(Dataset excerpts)
* * * * *

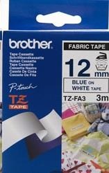 BROTHER TZEFA3 Labelling Supplies, 12mm BLUE ON WHITE FABRIC TAPE.
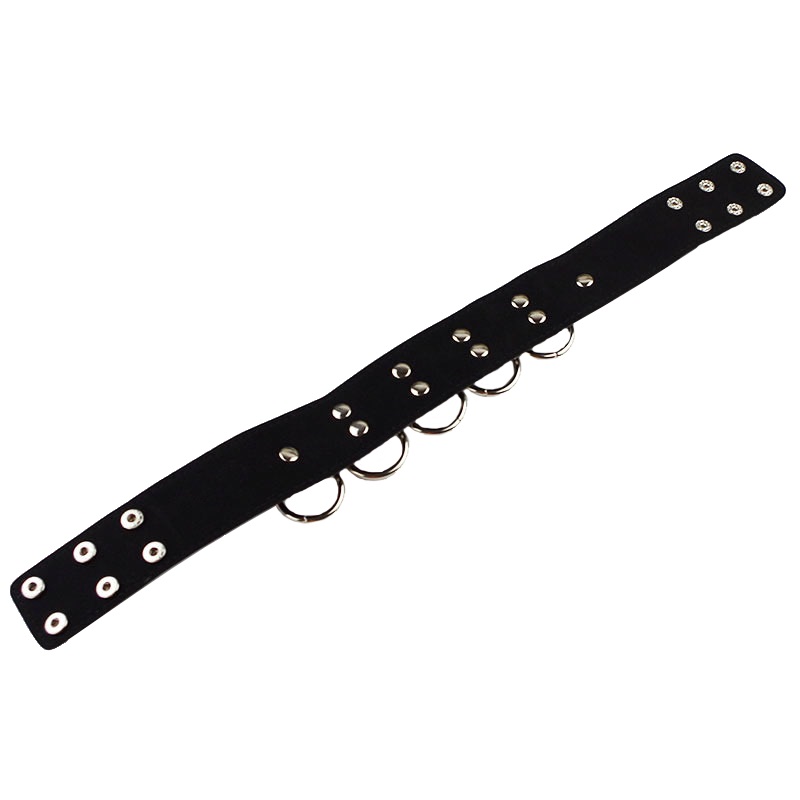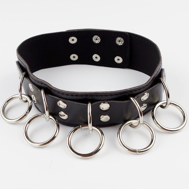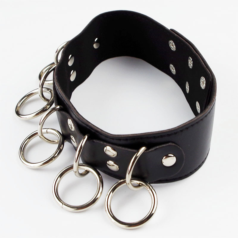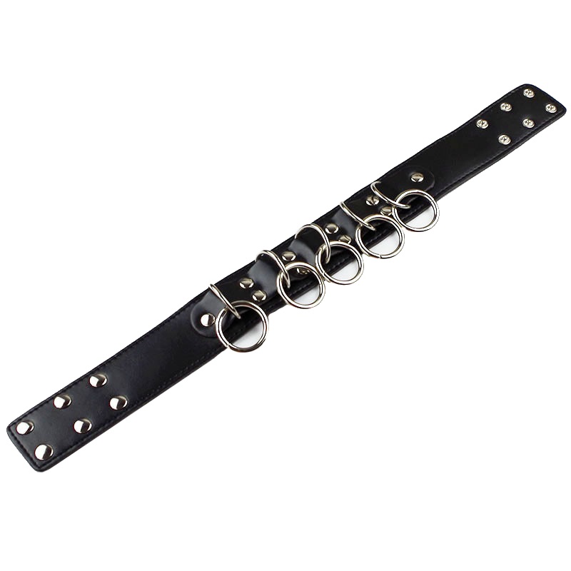 Ошейник украшен серебристыми металлическими кольцами, к которым по желанию могут быть пристёгнуты поводок и/или наручники.
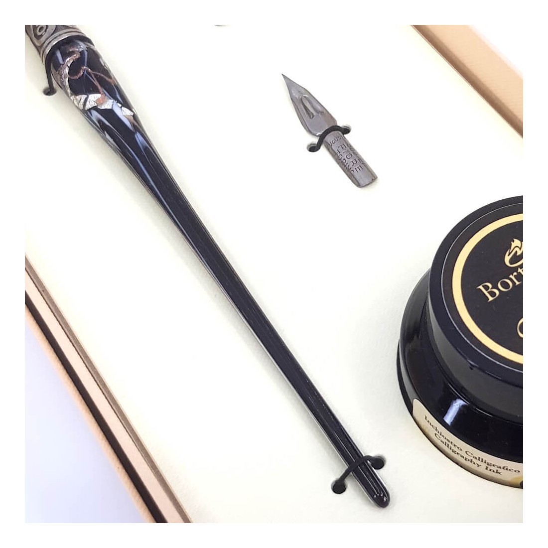 Ett vackert utformat, handgjordt kalligrafi-doppningsset, som består av en Murano-glaspenna med silverbladsflingor, tre spetsar och en flaska bläck.
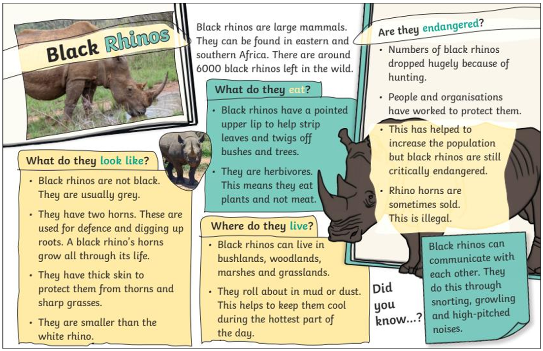 This week we learnt new vocabulary about black rhinos and enjoyed finding out some information about them.
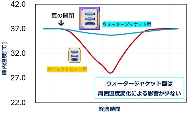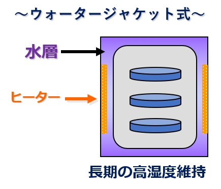 ウォータージャケット型は、チャンバーの外側を温水が取り囲む構造で、温度変動が極めて少なく、長時間安定した培養条件が保てるという特徴があります。
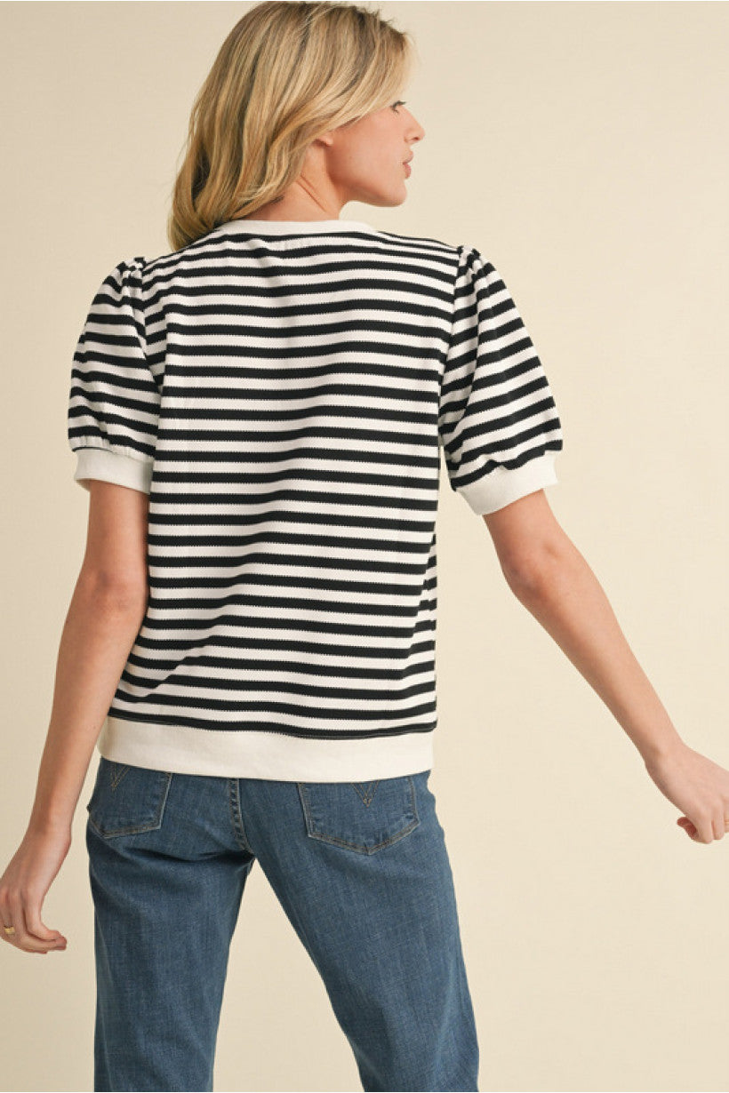Striped top with U-neck, short puffed sleeves and ribbed hems.
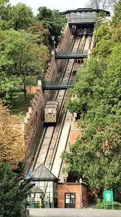 Another spectacular, but a bit pricey way to go up to the castle hill is to use the Castle Hill Funicular (Budavári sikló). It climbs up Castle Hill from Széchenyi Chain Bridge's Buda side to the Castle Palace by connecting 🌍 Clark Ádám tér (lower station) and 🌍 Szent György tér (upper station). As the funicular is rising up the hill, you get a beautiful view of Pest across the river. The funicular was opened on 2 March 1870, and has been in municipal ownership since 1920. It was destroyed in the Second World War and reopened on 4 June 1986. A feature of the funicular are the two pedestrian foot bridges which cross above it.
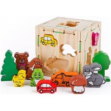 Сортер "Веселые фигурки 13 деталей" выполнен в виде куба из натурального дерева, на его гранях расположены отверстия соответствующие по форме фигуркам в комплекте. Фигурки оформлены очень красочно в виде представителей животного и растительного мира, а также игрушек, знакомых ребёнку. Задача ребёнка поместить фигурки внутрь куба через отверстия подходящие им по форме.
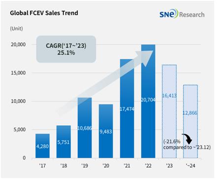 SNE리서치는 "국내 시장의 저조한 판매량이 글로벌 시장 위축의 주요 요인으로 작용하고 있다"면서 "정부는 상용차 중심으로 보급 확대 전략을 조정하고 있지만 충전 인프라 부족, 수소 생산·저장 비용 문제, 경제성 확보의 어려움이 여전히 과제로 남아 있다"고 분석했다.
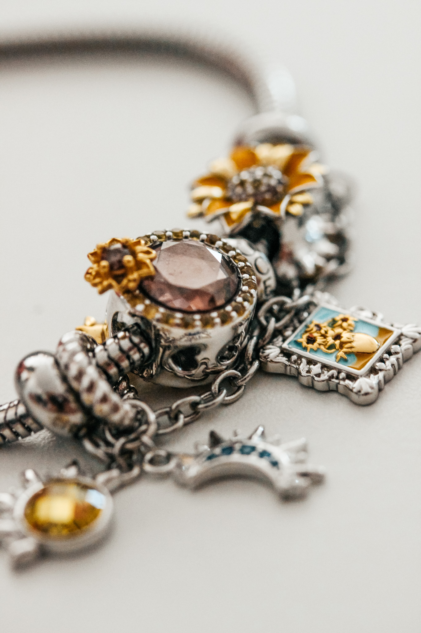 Finalement, après de longues hésitations, j’ai opté pour des pendentifs qui me représentent et que j’adore. Un soleil / lune, des tournesols (l’une de mes fleurs préférées) et un très bel hommage au célèbre tableau du grand Vincent Van Gogh ! Et je suis très contente de mon choix : les charm’s sont très beaux, de très bonne qualité et avec de belles finitions.
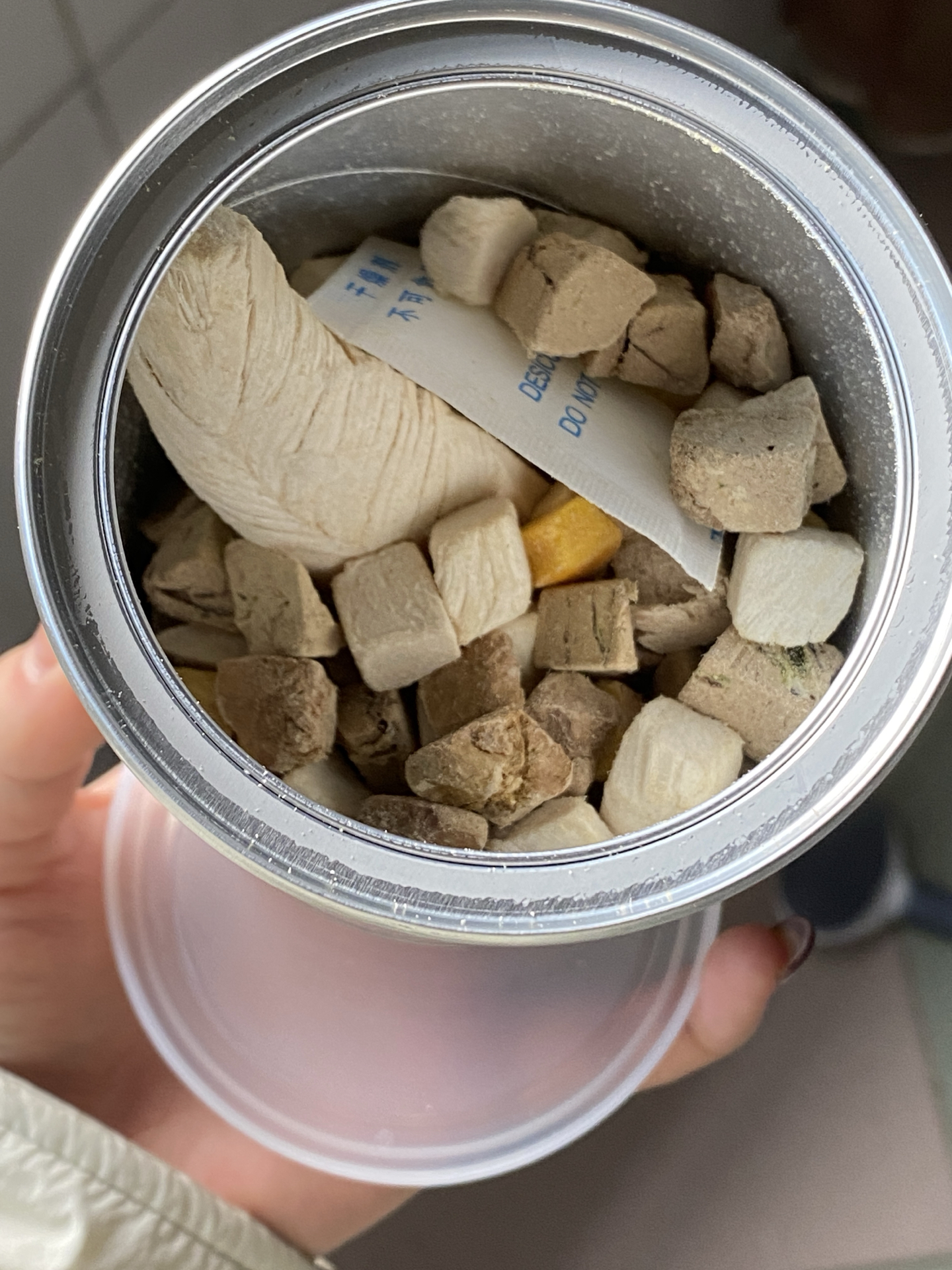 我家猫猫之前对我总是爱答不理的,直到我买了这个冻干桶!现在它看到我拿这个桶,热脸立马贴上来啦~吃了段时间没啥问题,偶尔给它加餐超合适!复水后香味也很诱人~不过要是分量能再多点就更完美啦!图源网络侵删
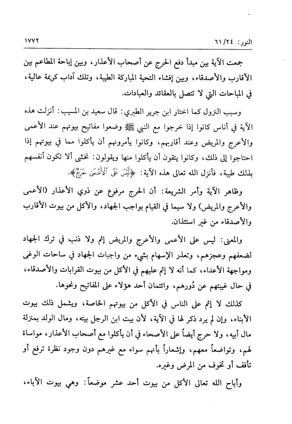 وسبب النزول كما اختار ابن جرير الطبري: قال سعيد بن المسيب: أنزلت هذه الآية في أناس كانوا إذا خرجوا مع النبي صلّى الله عليه وسلّم وضعوا مفاتيح بيوتهم عند الأعمى والأعرج والمريض وعند أقاربهم، وكانوا يأمرونهم أن يأكلوا مما في بيوتهم إذا احتاجوا إلى ذلك، وكانوا يتقون أن يأكلوا منها ويقولون: نخشى ألا تكون أنفسهم بذلك طيبة، فأنزل الله تعالى هذه الآية: لَيْسَ عَلَى الْأَعْمى حَرَجٌ.
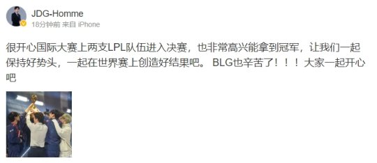 微博原文:很开心国际大赛上两支LPL队伍进入决赛,也非常高兴能拿到冠军,让我们一起保持好势头,一起在世界赛上创造好结果吧。 BLG也辛苦了!!!大家一起开心吧
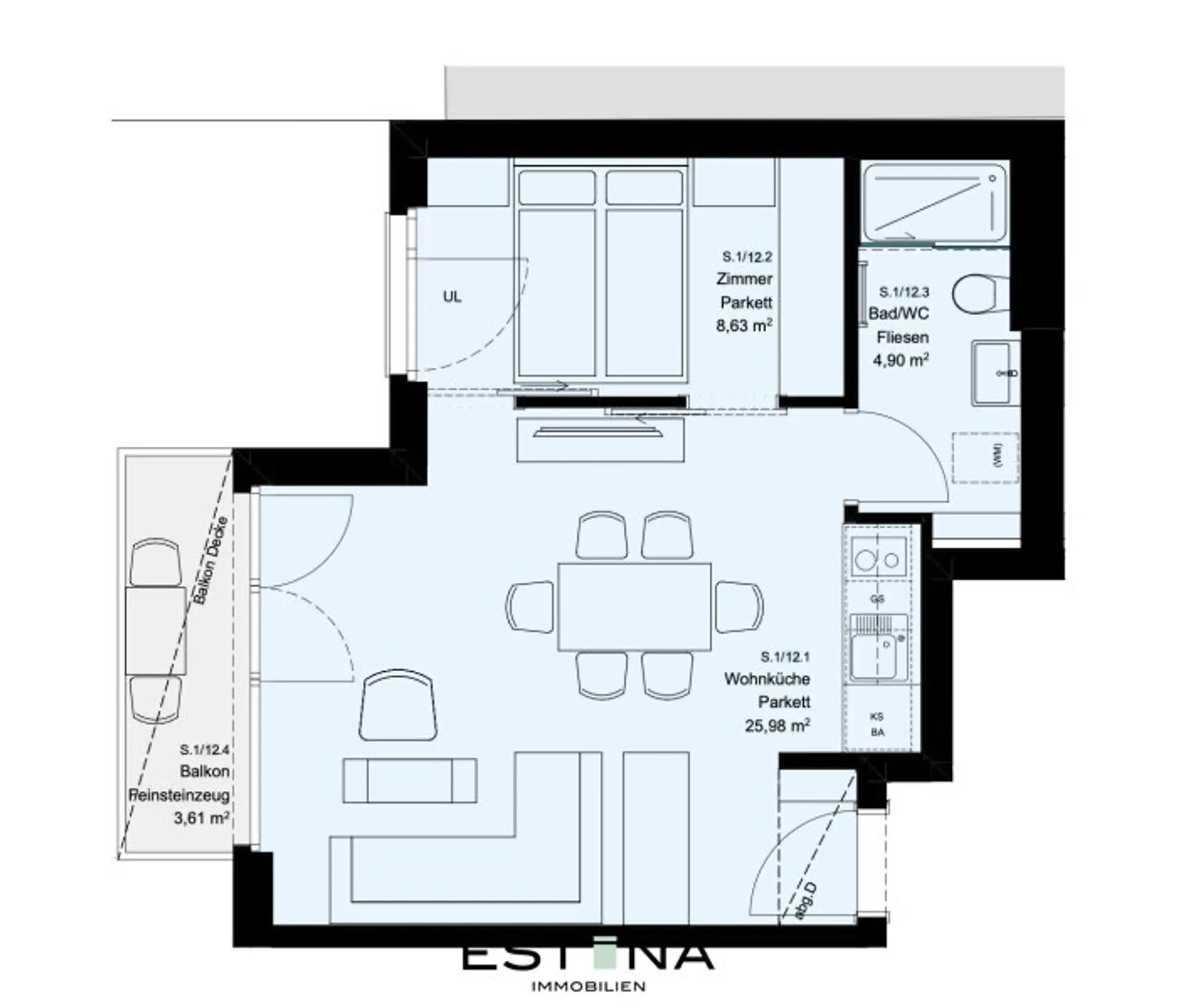 - Wohnküche mit Zugang zum Balkon
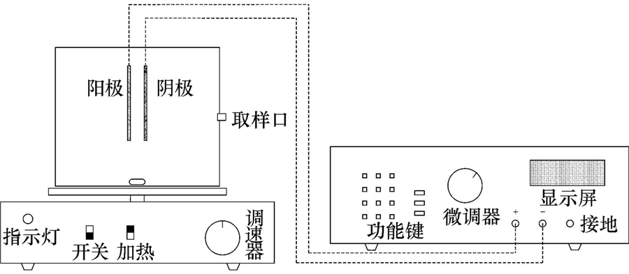 裝置為圓柱形有機玻璃反應器(內徑12 cm,高度10.2 cm),有效容積1 L,取樣口距底部6 cm.陽極材料為鉭襯底BDD電極,陰極材料為AISI 201不銹鋼,兩電極豎直放置于裝置中間.兩個電極的有效面積均為29.25 cm2,極板間距可調.試驗所需電流由美爾諾M8872型可編程直流電源(電流0~35 A、電壓0~30 V)提供;采用磁力攪拌器保證榨菜廢水混合均勻.試驗裝置示意圖見圖 1.所有試驗均在恒定電流狀態下進行,試驗過程中溫度不作調節.

* * * * *

» What the exercise asks:
Write the records out again exactly as shown above, keeping no pictures.

» The completed task:
 BROTHER TZEFA3 Labelling Supplies, 12mm BLUE ON WHITE FABRIC TAPE.
 Ошейник украшен серебристыми металлическими кольцами, к которым по желанию могут быть пристёгнуты поводок и/или наручники.
 Ett vackert utformat, handgjordt kalligrafi-doppningsset, som består av en Murano-glaspenna med silverbladsflingor, tre spetsar och en flaska bläck.
 This week we learnt new vocabulary about black rhinos and enjoyed finding out some information about them.
 ウォータージャケット型は、チャンバーの外側を温水が取り囲む構造で、温度変動が極めて少なく、長時間安定した培養条件が保てるという特徴があります。
Striped top with U-neck, short puffed sleeves and ribbed hems.
 Another spectacular, but a bit pricey way to go up to the castle hill is to use the Castle Hill Funicular (Budavári sikló). It climbs up Castle Hill from Széchenyi Chain Bridge's Buda side to the Castle Palace by connecting 🌍 Clark Ádám tér (lower station) and 🌍 Szent György tér (upper station). As the funicular is rising up the hill, you get a beautiful view of Pest across the river. The funicular was opened on 2 March 1870, and has been in municipal ownership since 1920. It was destroyed in the Second World War and reopened on 4 June 1986. A feature of the funicular are the two pedestrian foot bridges which cross above it.
 Сортер "Веселые фигурки 13 деталей" выполнен в виде куба из натурального дерева, на его гранях расположены отверстия соответствующие по форме фигуркам в комплекте. Фигурки оформлены очень красочно в виде представителей животного и растительного мира, а также игрушек, знакомых ребёнку. Задача ребёнка поместить фигурки внутрь куба через отверстия подходящие им по форме.
 SNE리서치는 "국내 시장의 저조한 판매량이 글로벌 시장 위축의 주요 요인으로 작용하고 있다"면서 "정부는 상용차 중심으로 보급 확대 전략을 조정하고 있지만 충전 인프라 부족, 수소 생산·저장 비용 문제, 경제성 확보의 어려움이 여전히 과제로 남아 있다"고 분석했다.
 Finalement, après de longues hésitations, j’ai opté pour des pendentifs qui me représentent et que j’adore. Un soleil / lune, des tournesols (l’une de mes fleurs préférées) et un très bel hommage au célèbre tableau du grand Vincent Van Gogh ! Et je suis très contente de mon choix : les charm’s sont très beaux, de très bonne qualité et avec de belles finitions.
 我家猫猫之前对我总是爱答不理的,直到我买了这个冻干桶!现在它看到我拿这个桶,热脸立马贴上来啦~吃了段时间没啥问题,偶尔给它加餐超合适!复水后香味也很诱人~不过要是分量能再多点就更完美啦!图源网络侵删
 وسبب النزول كما اختار ابن جرير الطبري: قال سعيد بن المسيب: أنزلت هذه الآية في أناس كانوا إذا خرجوا مع النبي صلّى الله عليه وسلّم وضعوا مفاتيح بيوتهم عند الأعمى والأعرج والمريض وعند أقاربهم، وكانوا يأمرونهم أن يأكلوا مما في بيوتهم إذا احتاجوا إلى ذلك، وكانوا يتقون أن يأكلوا منها ويقولون: نخشى ألا تكون أنفسهم بذلك طيبة، فأنزل الله تعالى هذه الآية: لَيْسَ عَلَى الْأَعْمى حَرَجٌ.
 微博原文:很开心国际大赛上两支LPL队伍进入决赛,也非常高兴能拿到冠军,让我们一起保持好势头,一起在世界赛上创造好结果吧。 BLG也辛苦了!!!大家一起开心吧
 - Wohnküche mit Zugang zum Balkon
 裝置為圓柱形有機玻璃反應器(內徑12 cm,高度10.2 cm),有效容積1 L,取樣口距底部6 cm.陽極材料為鉭襯底BDD電極,陰極材料為AISI 201不銹鋼,兩電極豎直放置于裝置中間.兩個電極的有效面積均為29.25 cm2,極板間距可調.試驗所需電流由美爾諾M8872型可編程直流電源(電流0~35 A、電壓0~30 V)提供;采用磁力攪拌器保證榨菜廢水混合均勻.試驗裝置示意圖見圖 1.所有試驗均在恒定電流狀態下進行,試驗過程中溫度不作調節.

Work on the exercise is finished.